Sesno recalled that Secretary Gates had done a lot to promote institutional change at the Pentagon, and then asked Gates what advice he would offer Clinton for transforming State. First, Gates replied to loud applause, "the American toolbox should contain something other than hammers." Then, he suggested the challenge might not be so much within the Department, but rather "the willingness of Congress to give [Secretary Clinton] the resources she needs" to rebuild the country's foreign policy and assistance assets.





New Approaches to Global Outreach, and New Voices...


The October 5 public diplomacy doubleheader at George Washington University got off to a fine start this morning thanks to the contributions of scholars, policymakers, and hands-on practitioners alike who took part in our "New Approaches to U.S. Global Outreach" conference. To kick things off, GWU's own Bruce Gregory sketched out many of the key issues confronting the Obama administration in redirecting and retooling America's global outreach efforts: how to encourage more and better "listening" to foreign audiences and stakeholders, how to redress the interagency disparities in funding, and how to make the necessary transformations in the U.S. approach -- changes everyone inside and outside government say they support -- happen sooner rather than later.
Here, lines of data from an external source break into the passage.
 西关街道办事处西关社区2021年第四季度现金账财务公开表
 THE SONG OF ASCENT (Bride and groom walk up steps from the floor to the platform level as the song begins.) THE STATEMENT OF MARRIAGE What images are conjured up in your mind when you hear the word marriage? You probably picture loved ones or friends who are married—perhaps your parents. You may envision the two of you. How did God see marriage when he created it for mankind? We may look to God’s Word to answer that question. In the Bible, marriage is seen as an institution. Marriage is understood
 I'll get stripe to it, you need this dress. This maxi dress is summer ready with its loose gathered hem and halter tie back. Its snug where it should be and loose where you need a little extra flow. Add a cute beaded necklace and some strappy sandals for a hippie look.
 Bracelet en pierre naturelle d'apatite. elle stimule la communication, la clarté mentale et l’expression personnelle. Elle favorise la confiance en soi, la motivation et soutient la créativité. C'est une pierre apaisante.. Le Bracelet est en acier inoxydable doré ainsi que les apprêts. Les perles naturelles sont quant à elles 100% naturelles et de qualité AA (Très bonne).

The day's first panel, moderated by Kristin Lord, demonstrated more comity than conflict on the question of whether U.S. government agencies could respond to the challenge. State's Dan Sreebny stressed that the most important ingredient was in place -- a shared determination at the top to get it right. Yet now the hard work of putting into practice the vision of a new Administration committed to dialogue and a "whole of government" approach, lay ahead. OSD's Rosa Brooks agreed, and made the point that this type of transformation in organizational culture and decisionmaking would inevitably take time, like any serious cultural shift. The U.S. needed to get "dramatically better," she stressed, in factoring in stakeholder attitudes abroad, at all levels of government, or otherwise it would pay a steep price. SOCOM's John Carman made the case that today's practice of strategic communication and information operations has learned important lessons about cultural awareness and measuring effectiveness, including in Iraq, that are now part of the Pentagon's established doctrine. But House Foreign Affairs Committee counsel Dan Silverberg expressed concern about the degree to which DoD's strategic communication programs have advanced far beyond the Pentagon's traditional terms of reference in information operations -- and done so at the expense of other actors and without sufficient Congressional consultation.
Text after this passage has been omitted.